■ SUPPLIED MATERIAL:
★ ★ ★ ★ ★

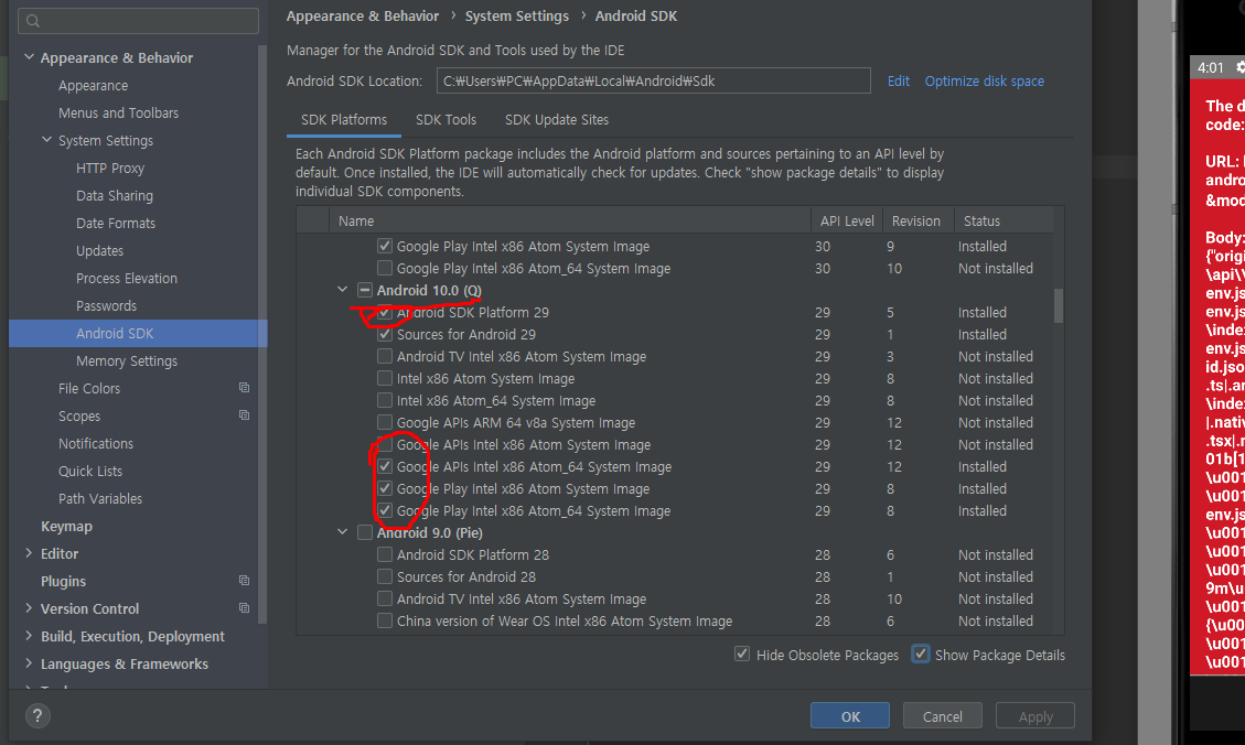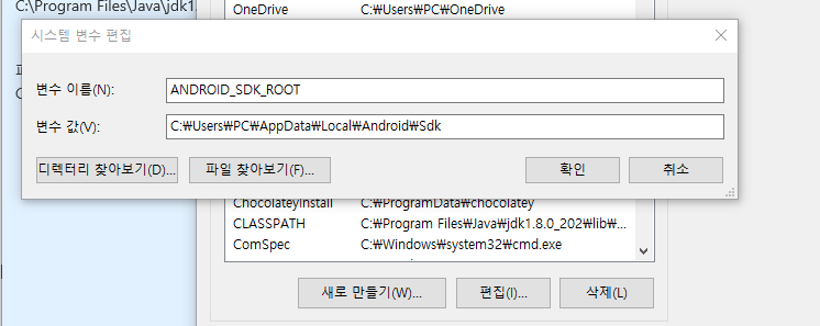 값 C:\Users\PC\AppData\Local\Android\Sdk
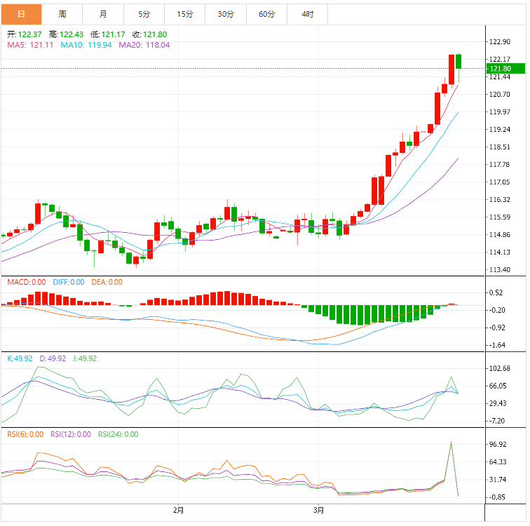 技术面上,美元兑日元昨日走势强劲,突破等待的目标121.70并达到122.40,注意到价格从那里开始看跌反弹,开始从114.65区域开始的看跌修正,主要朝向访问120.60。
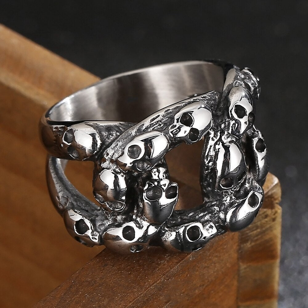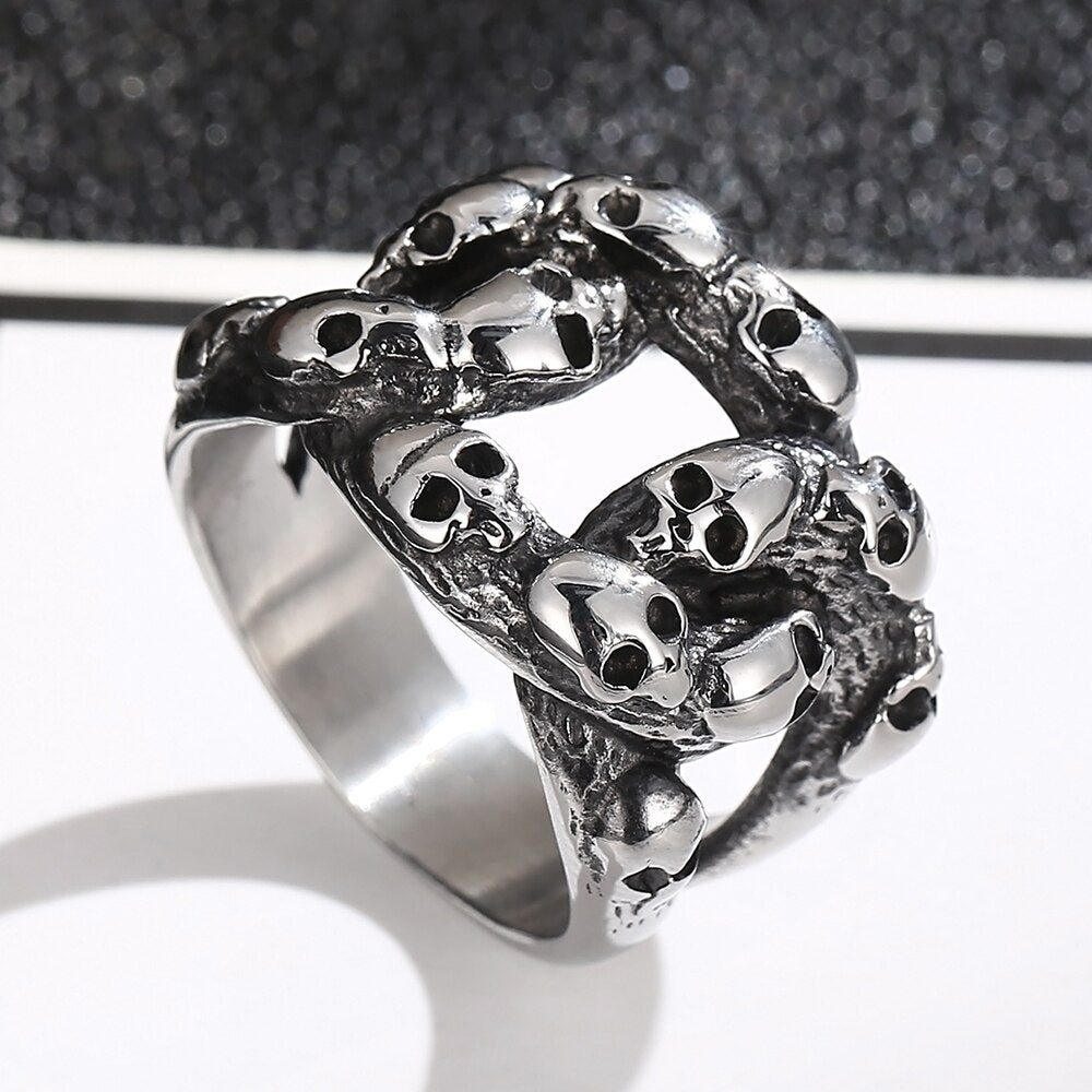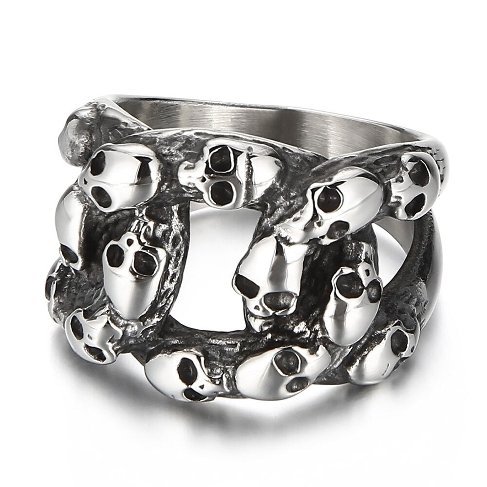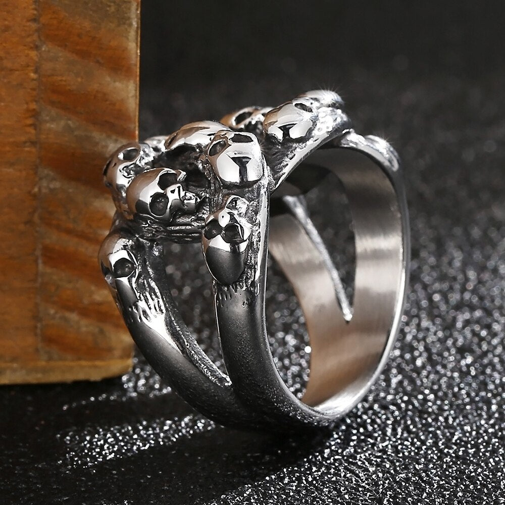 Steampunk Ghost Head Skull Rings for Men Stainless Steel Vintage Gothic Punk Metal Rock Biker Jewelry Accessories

★ ★ ★ ★ ★

Write the lines above out again exactly, excluding every picture.

■ EXERCISE OUTPUT:
 값 C:\Users\PC\AppData\Local\Android\Sdk
 技术面上,美元兑日元昨日走势强劲,突破等待的目标121.70并达到122.40,注意到价格从那里开始看跌反弹,开始从114.65区域开始的看跌修正,主要朝向访问120.60。
 Steampunk Ghost Head Skull Rings for Men Stainless Steel Vintage Gothic Punk Metal Rock Biker Jewelry Accessories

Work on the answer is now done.